Human ‘exhaust fumes’ as indicator of intestinal health

Farts help analyse what is going on in the intestines.
Human ‘exhaust fumes’ — the air we breathe out and our farts — can provide an indication of the health of our intestines. Photo Shutterstock Human ‘exhaust fumes’ — the air we breathe out and our farts — can provide an indication of the health of our intestines. Photo Shutterstock

Evert van Schothorst, associate professor in the Human and Animal Physiology group, is collaborating with a team of researchers at Maastricht University on a method for measuring human ‘exhaust fumes’ in real time as an indicator of intestinal health. The researchers put the test subjects in a small room and then measure their fermentation gases — their farts.

‘We use indirect calorimetry — a method for looking at the difference between the composition of the air that is inhaled and the exhaled air — to analyse the energy metabolism,’ explains Van Schothorst. ‘This research method has been around for a while, but now we have developed an add-on that lets us study the presence of isotopes. What is more, the new sensors we have developed can also measure fermentation gases such as hydrogen and methane. That helps us figure out how the microbiome in the intestines is related to health.’

Isotope carbon-13

The isotopes Van Schothorst is talking about are chemical particles. The new sensors measure the carbon isotopes that chemists call carbon-13. It is the twin of carbon-12, an isotope that is found a lot in nature. Carbon-13 is rare in nature, accounting for only one per cent of carbon atoms. That makes carbon-13 a useful substance in research.

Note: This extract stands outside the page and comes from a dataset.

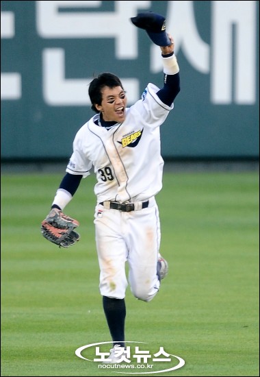 [BestNocut_R]10일 오후 서울 잠실야구장에서 벌어진 프로야구 플레이오프 3차전 두산 베어스와 SK 와이번스의 경기에서 9회초 1사 주자 1,2루 상황에서 SK 정상호의 타구를 두산 이종욱이 다이빙 캐치로 아슬아슬하게 아웃 시키고 2루 주자까지 송구 아웃되자 덕아웃으로 돌아오며 환호하고 있다.

Van Schothorst: ‘If you give test subjects a product to eat or drink that contains labelled carbon-13, after being processed by gut bacteria it will reappear in the air via the air the subject breathes out and their farts. We can then calculate how fast the product is processed and by which bacteria.’

Fermentation gases

The researchers are adding the new techniques to the respiration rooms used for indirect calorimetry by the research group of Professor Ellen Blaak in Maastricht. Van Schothorst: ‘We have already successfully applied our technique in studies with mice. We know it works in very small spaces. Now we will be testing in Maastricht whether the new sensors can also detect human fermentation gases in larger spaces. Are the sensors sensitive enough to measure low concentrations of fermentation gases? Because the respiration rooms are larger relative to the human subject than the mouse cage relative to the mouse.’

Test subjects are served food by the researchers through a hatch, and take part in measurements a couple of times a day.

In Maastricht, they have rooms of different sizes for the measurements. The average size is similar to a large student room. ‘All the rooms have a bed, toilet, desk and TV screen,’ says Van Schothorst. ‘The test subjects have to stay there for several days sometimes. Students like taking part in this research because it is an opportunity for them to study hard without distractions. The researchers serve them food through a hatch, and they take part in measurements a couple of times a day.’

Real time

The current method for measurements relating to gut bacteria is to collect poo samples. ‘The disadvantage of this is that it doesn’t show what is happening in the body in real time. The faeces only leave the body much later. In addition, the composition of the bacteria in faeces is determined mainly by the gut bacteria at the end of the large intestine, rather than the intestines as a whole.’

‘These sensors measure the composition of gases in the room in real time. If someone eats something now, it will end up in their intestines in a couple of hours’ time. The gut bacteria then get to work on fermentation, among other things. The gases that are released in the process and ejected from the body can be measured immediately. If you repeat such measurements with different groups of patients, you get an insight into the gut microbiota activity. We hope this will tell us more about the interaction between diet and disease.’

Maastricht PhD candidate Gillian Larik is the project manager. Van Schothorst expects the team will be able to publish the first research results using the new method within the next two years.